Abstract
Vegetation phenology plays a key role in influencing ecosystem processes and biosphere-atmosphere feedbacks. Digital cameras such as PhenoCam that monitor vegetation canopies in near real-time provide continuous images that record phenological and environmental changes. There is a need to develop methods for automated and effective detection of vegetation dynamics from PhenoCam images. Here we developed a method to predict leaf phenology of deciduous broadleaf forests from individual PhenoCam images using deep learning approaches. We tested four convolutional neural network regression (CNNR) networks on their ability to predict vegetation growing dates based on PhenoCam images at 56 sites in North America. In the one-site experiment, the predicted phenology dated to after the leaf-out events agree well with the observed data, with a coefficient of determination (R2) of nearly 0.999, a root mean square error (RMSE) of up to 3.7 days, and a mean absolute error (MAE) of up to 2.1 days.

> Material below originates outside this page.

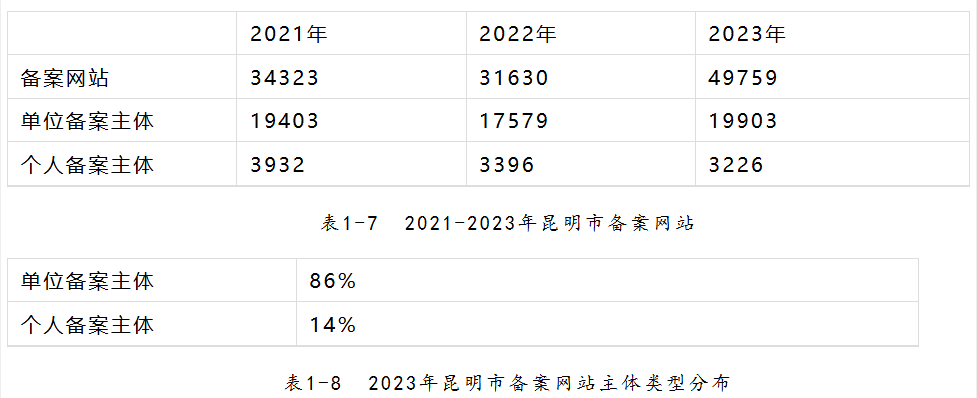 備案網(wǎng)站49759個,同比增長57.3%,占全省備案網(wǎng)站的比例為75.3%;單位備案主體19903個,同比增長13.2%;個人備案主體3226個,同比減少5.3%。

The method developed achieved lower accuracies in the all-site experiment than in the one-site experiment, and the achieved R2 was 0.843, RMSE was 25.2 days, and MAE was 9.3 days in the all-site experiment. The model accuracy increased when the deep networks used the region of interest images rather than the entire images as inputs. Compared to the existing methods that rely on time series of PhenoCam images for studying leaf phenology, we found that the deep learning method is a feasible solution to identify leaf phenology of deciduous broadleaf forests from individual PhenoCam images.
Subject
General Earth and Planetary Sciences
Cited by
15 articles.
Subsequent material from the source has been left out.